*** DATASET RECORDS ***
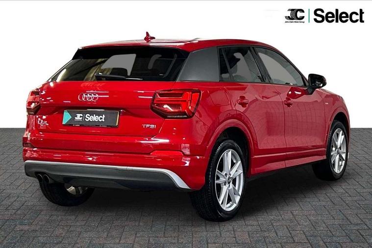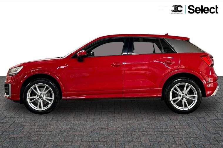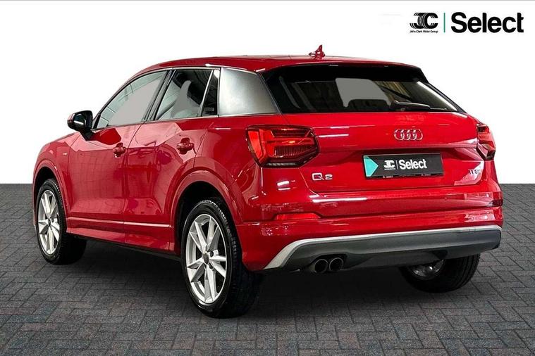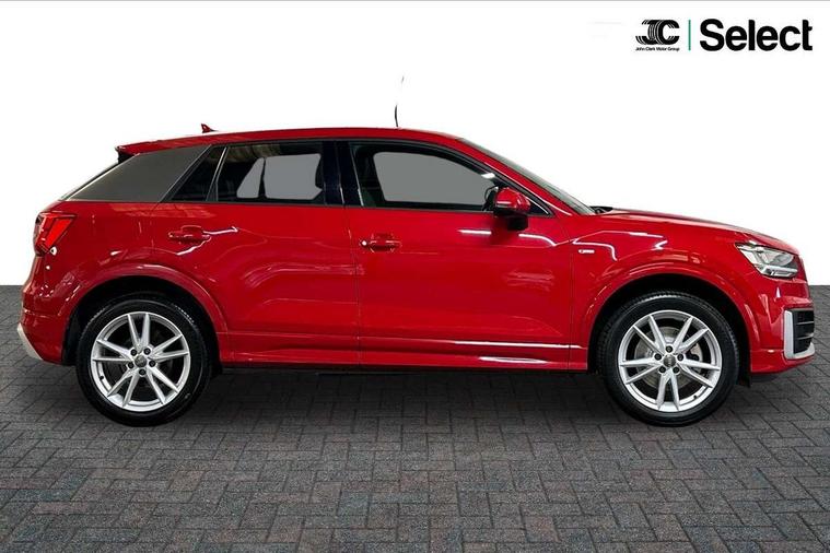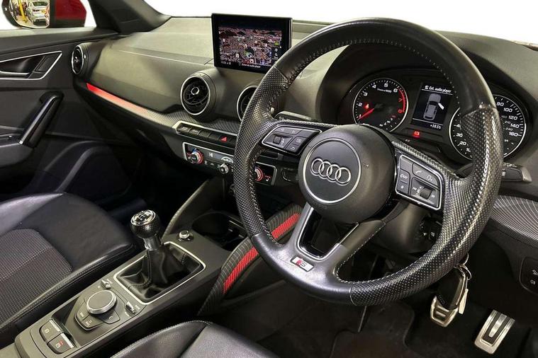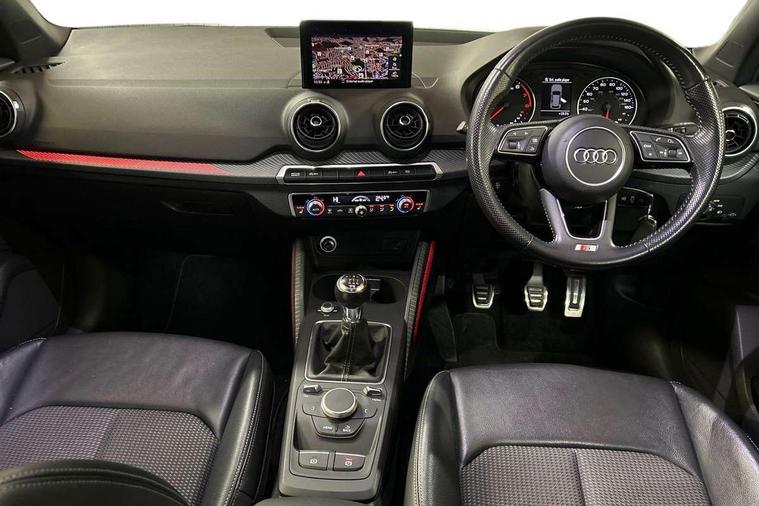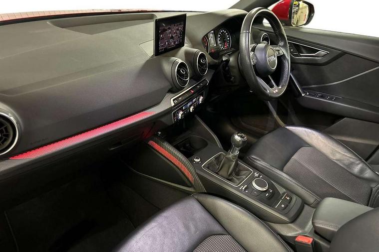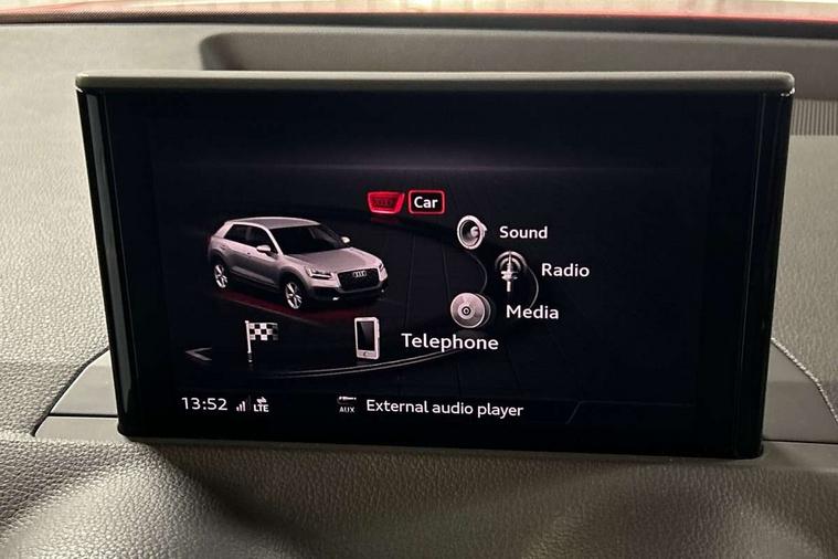 Audi drive select, Audi smartphone interface, Bluetooth hands free telephone connection, MMI - Multi Media Interface control system, MMI SD card Navigation, PAS, Service interval indicator, Voice control system, Audi music interface, Aux input, CD player, DAB digital radio module, MMI radio plus with 7" colour MMI screen and MMI controller, USB port, Body colour door mirrors, Chrome exhaust tailpipe, Door mirror integrated indicators, Electrically adjustable and heated door mirrors, Front and rear electric windows, Headlight washers, LED headlights with LED rear lights + dynamic rear indicators, Rear wiper, S Line body styling, Sunband for windscreen, Black cloth headlining, Centre console with storage/cupholders, Floor mats with contrast stitching, Front and rear door pockets, Front and rear headrests, Front centre armrest, Front sports seats, Glovebox, Height adjustable front seats, Height/reach adjust steering wheel, Illuminated door sills, ISOFIX on front passenger and rear outer seats, Stainless steel pedals, Storage compartment in rear centre console, Full body colour bumper pack - Q2, 3x3 point rear seatbelts, ABS+Electronic Brake force Distribution, Curtain airbags, Driver and passenger airbags, Driver and passenger side airbags, EDL + ASR, Electrically operated child locks on rear doors, Electromechanical parking brake, ESP, Multi-Collision braking, Pre-sense front with pedestrian recognition, Seatbelt warning light, Tyre pressure monitoring system, Warning triangle and first aid kit, Locking wheel bolts, Remote central locking, Thatcham category 1 alarm + immobiliser, Aluminium interior trim, Matt brushed aluminium fascia and door trim inlays,
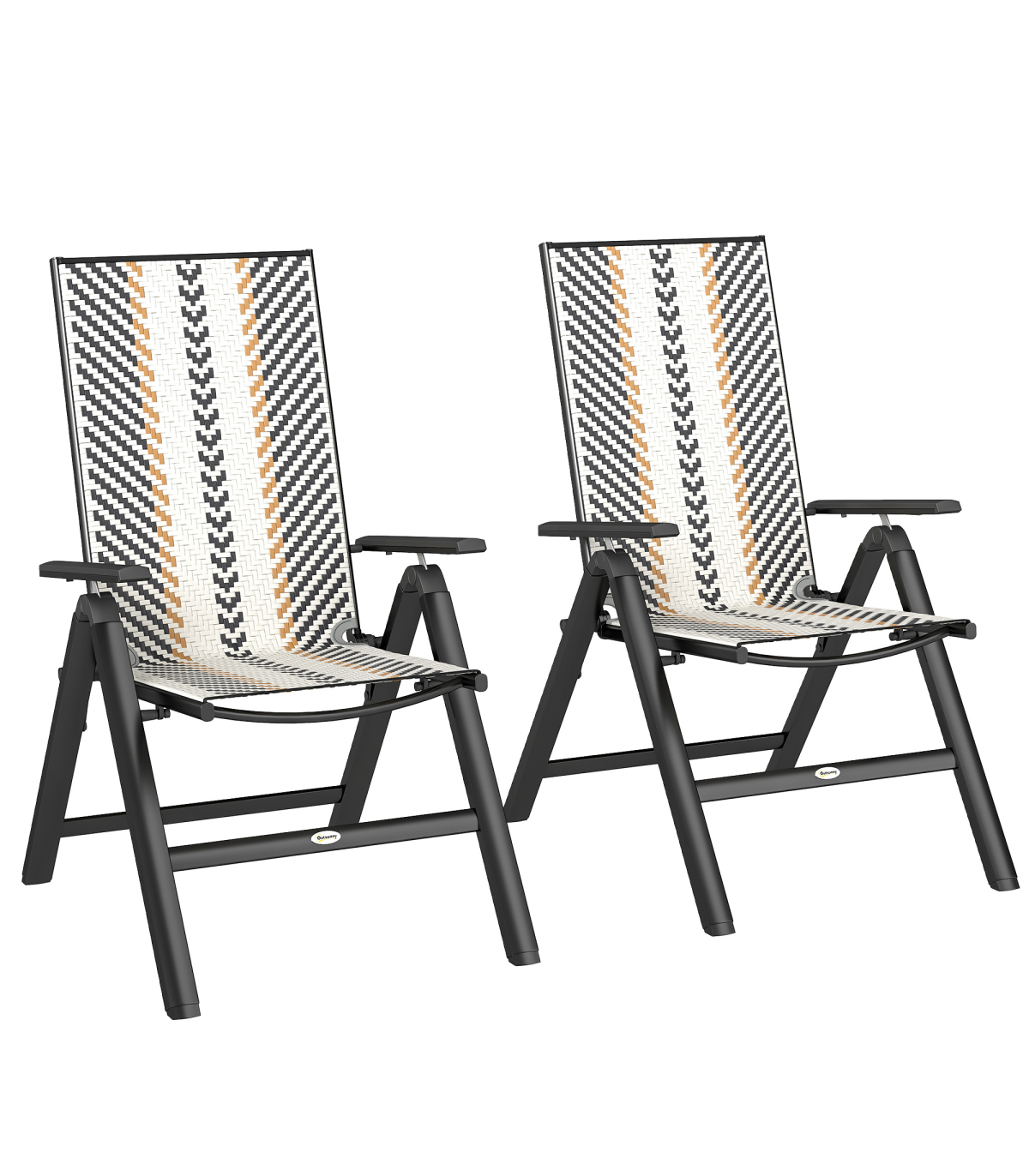 Outsunny 2PCs Rattan Folding Chair w/ 5-Position Adjustable Backrest, Black
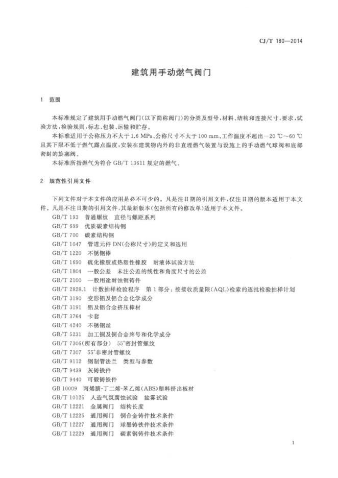 CJ/T 80-2014 建筑用手动燃气阀门
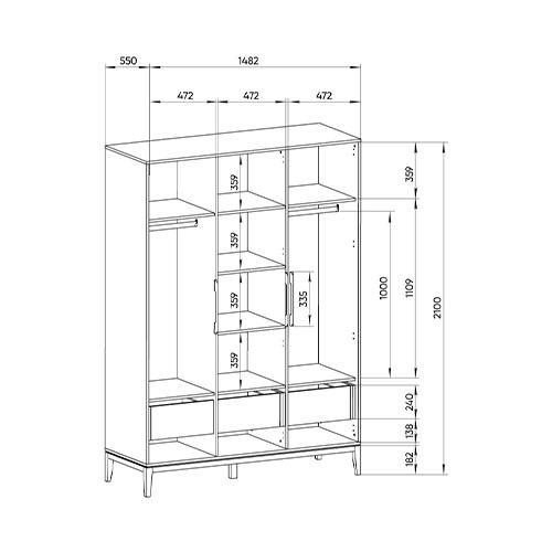 Шкаф трехстворчатый с фасадом из шпона дуба Fjord
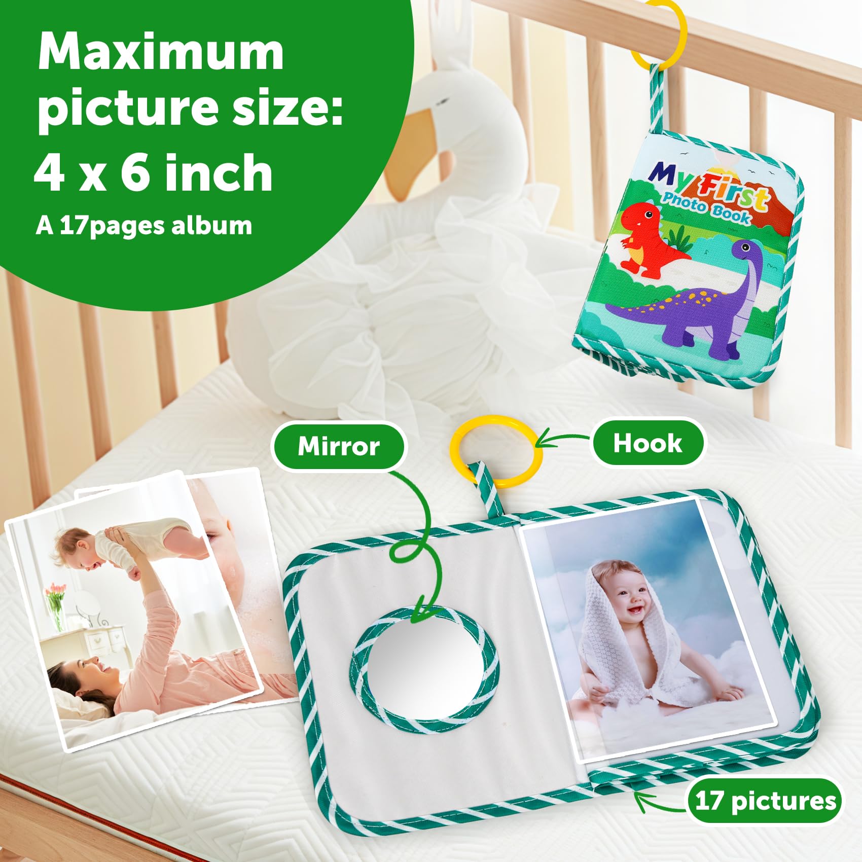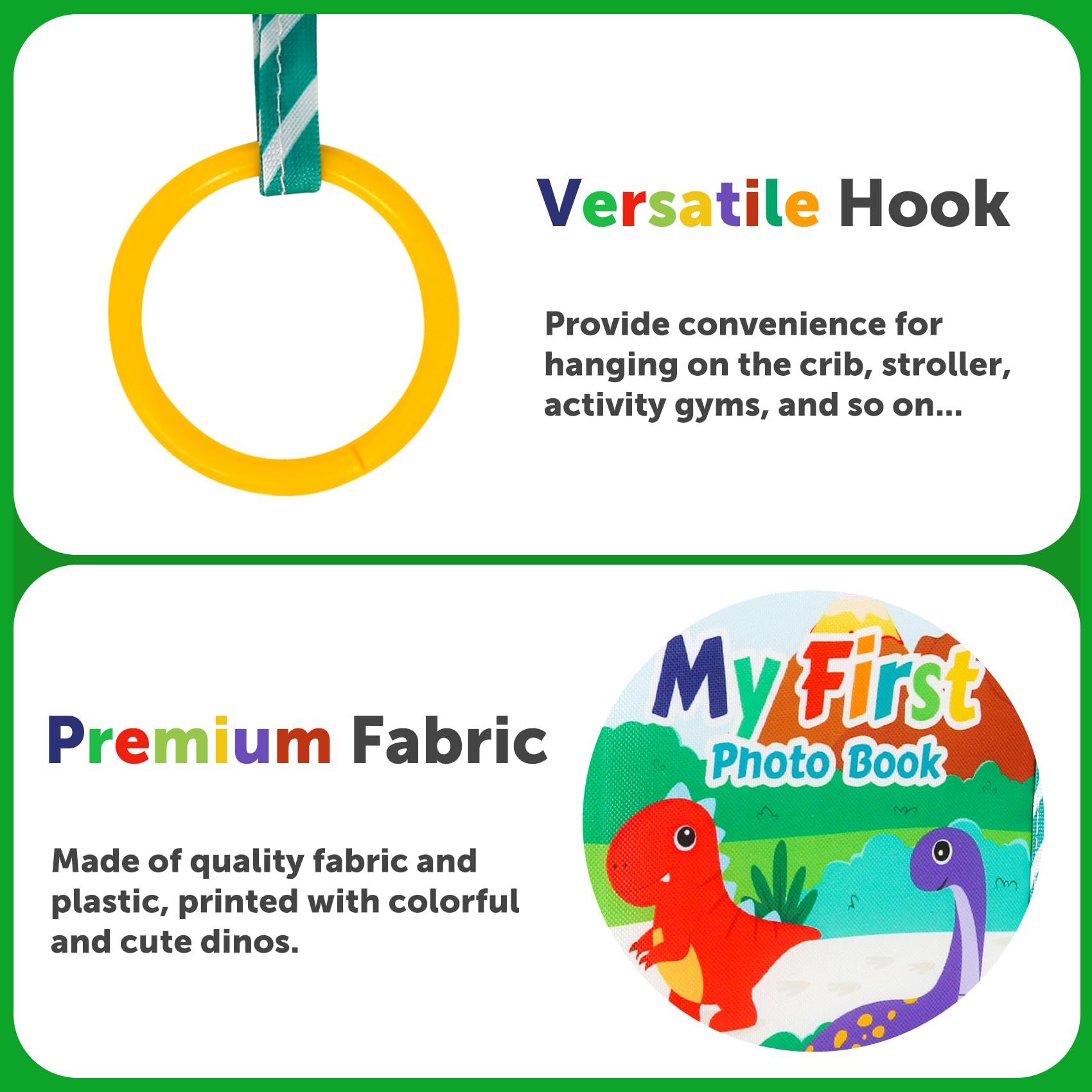 A 17pages Album: Can hold 17 pictures with max size of 4 X 6 inch. Hangable for strollers and excercise gym and so on. Good for indoor play as well as travel and outgoing
***
WHAT YOU NEED TO DO ▸
Please copy exactly the lines from the one containing "Outsunny 2PCs Rattan" through the last line of the records above, both included, and leave out any pictures.

RESPONSE ▸
 Outsunny 2PCs Rattan Folding Chair w/ 5-Position Adjustable Backrest, Black
 CJ/T 80-2014 建筑用手动燃气阀门
 Шкаф трехстворчатый с фасадом из шпона дуба Fjord
 A 17pages Album: Can hold 17 pictures with max size of 4 X 6 inch. Hangable for strollers and excercise gym and so on. Good for indoor play as well as travel and outgoing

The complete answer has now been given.